▶ [RECORDS PROVIDED]

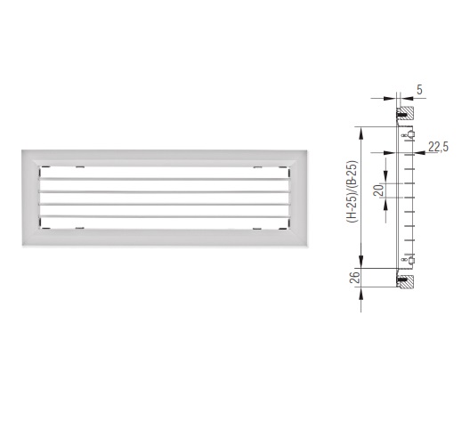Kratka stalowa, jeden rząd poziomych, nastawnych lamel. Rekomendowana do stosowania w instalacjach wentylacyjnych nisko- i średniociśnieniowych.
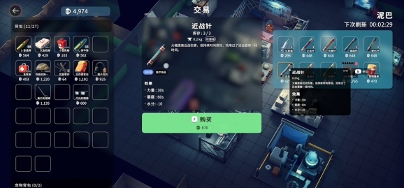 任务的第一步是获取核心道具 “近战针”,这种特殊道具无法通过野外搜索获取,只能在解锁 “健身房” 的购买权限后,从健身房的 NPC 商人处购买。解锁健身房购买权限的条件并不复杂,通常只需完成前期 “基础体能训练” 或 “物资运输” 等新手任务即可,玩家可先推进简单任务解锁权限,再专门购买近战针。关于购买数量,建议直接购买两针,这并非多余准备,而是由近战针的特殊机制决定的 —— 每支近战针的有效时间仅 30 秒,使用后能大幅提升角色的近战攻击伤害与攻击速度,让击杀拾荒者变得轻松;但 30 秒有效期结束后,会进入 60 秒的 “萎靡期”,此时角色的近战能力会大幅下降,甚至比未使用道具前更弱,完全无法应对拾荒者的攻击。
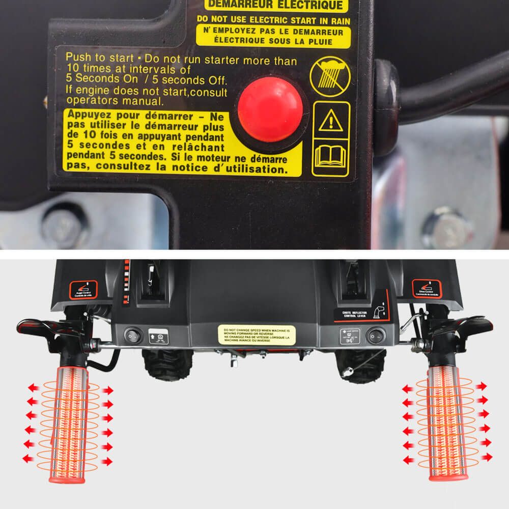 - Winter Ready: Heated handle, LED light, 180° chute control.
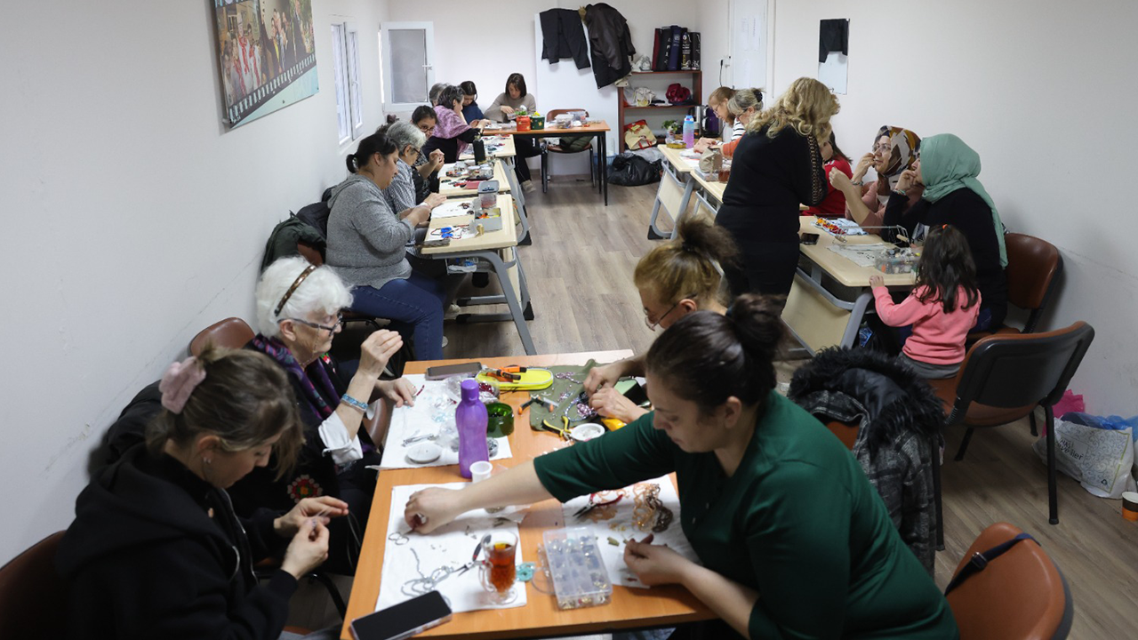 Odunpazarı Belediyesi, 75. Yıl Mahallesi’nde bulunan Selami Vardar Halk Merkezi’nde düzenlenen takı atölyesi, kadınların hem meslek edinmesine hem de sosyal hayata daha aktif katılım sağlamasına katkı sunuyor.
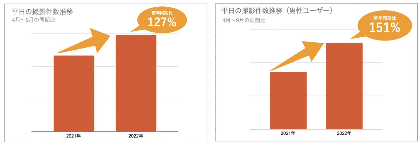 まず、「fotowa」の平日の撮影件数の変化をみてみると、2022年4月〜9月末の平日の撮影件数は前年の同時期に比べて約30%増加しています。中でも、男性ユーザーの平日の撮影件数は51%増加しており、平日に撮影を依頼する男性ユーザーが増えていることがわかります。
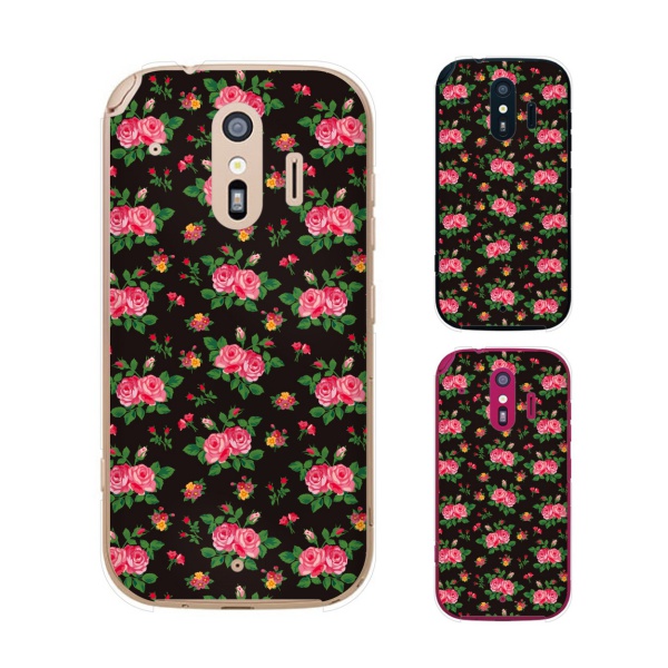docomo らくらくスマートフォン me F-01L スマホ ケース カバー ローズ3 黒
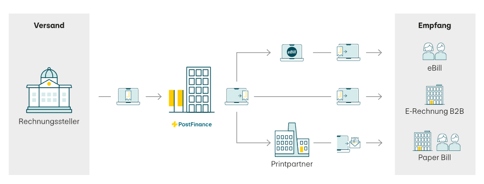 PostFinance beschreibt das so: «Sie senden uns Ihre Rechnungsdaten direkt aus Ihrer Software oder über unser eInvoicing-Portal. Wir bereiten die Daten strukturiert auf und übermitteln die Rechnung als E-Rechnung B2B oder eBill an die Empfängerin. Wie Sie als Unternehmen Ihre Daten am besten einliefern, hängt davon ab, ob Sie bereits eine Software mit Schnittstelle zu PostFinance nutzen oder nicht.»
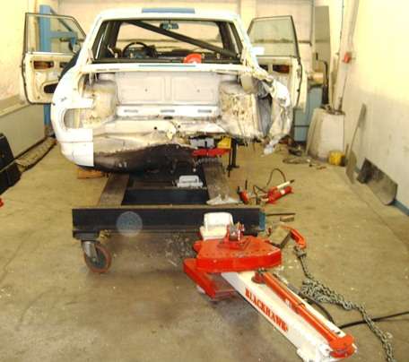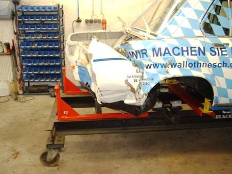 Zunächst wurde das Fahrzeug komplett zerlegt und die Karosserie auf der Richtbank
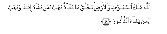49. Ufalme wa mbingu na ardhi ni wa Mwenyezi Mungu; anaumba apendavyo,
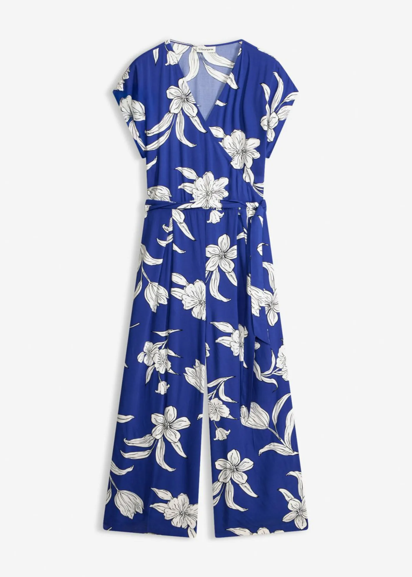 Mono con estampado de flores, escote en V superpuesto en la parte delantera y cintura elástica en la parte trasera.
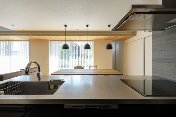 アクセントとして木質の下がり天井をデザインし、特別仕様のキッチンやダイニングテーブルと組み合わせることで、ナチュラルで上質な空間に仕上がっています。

▶ [WHAT IS EXPECTED] Would you please output each record exactly, leaving the images out?

▶ [FINISHED EXERCISE]
Kratka stalowa, jeden rząd poziomych, nastawnych lamel. Rekomendowana do stosowania w instalacjach wentylacyjnych nisko- i średniociśnieniowych.
 任务的第一步是获取核心道具 “近战针”,这种特殊道具无法通过野外搜索获取,只能在解锁 “健身房” 的购买权限后,从健身房的 NPC 商人处购买。解锁健身房购买权限的条件并不复杂,通常只需完成前期 “基础体能训练” 或 “物资运输” 等新手任务即可,玩家可先推进简单任务解锁权限,再专门购买近战针。关于购买数量,建议直接购买两针,这并非多余准备,而是由近战针的特殊机制决定的 —— 每支近战针的有效时间仅 30 秒,使用后能大幅提升角色的近战攻击伤害与攻击速度,让击杀拾荒者变得轻松;但 30 秒有效期结束后,会进入 60 秒的 “萎靡期”,此时角色的近战能力会大幅下降,甚至比未使用道具前更弱,完全无法应对拾荒者的攻击。
 - Winter Ready: Heated handle, LED light, 180° chute control.
 Odunpazarı Belediyesi, 75. Yıl Mahallesi’nde bulunan Selami Vardar Halk Merkezi’nde düzenlenen takı atölyesi, kadınların hem meslek edinmesine hem de sosyal hayata daha aktif katılım sağlamasına katkı sunuyor.
 まず、「fotowa」の平日の撮影件数の変化をみてみると、2022年4月〜9月末の平日の撮影件数は前年の同時期に比べて約30%増加しています。中でも、男性ユーザーの平日の撮影件数は51%増加しており、平日に撮影を依頼する男性ユーザーが増えていることがわかります。
docomo らくらくスマートフォン me F-01L スマホ ケース カバー ローズ3 黒
 PostFinance beschreibt das so: «Sie senden uns Ihre Rechnungsdaten direkt aus Ihrer Software oder über unser eInvoicing-Portal. Wir bereiten die Daten strukturiert auf und übermitteln die Rechnung als E-Rechnung B2B oder eBill an die Empfängerin. Wie Sie als Unternehmen Ihre Daten am besten einliefern, hängt davon ab, ob Sie bereits eine Software mit Schnittstelle zu PostFinance nutzen oder nicht.»
 Zunächst wurde das Fahrzeug komplett zerlegt und die Karosserie auf der Richtbank
49. Ufalme wa mbingu na ardhi ni wa Mwenyezi Mungu; anaumba apendavyo,
 Mono con estampado de flores, escote en V superpuesto en la parte delantera y cintura elástica en la parte trasera.
 アクセントとして木質の下がり天井をデザインし、特別仕様のキッチンやダイニングテーブルと組み合わせることで、ナチュラルで上質な空間に仕上がっています。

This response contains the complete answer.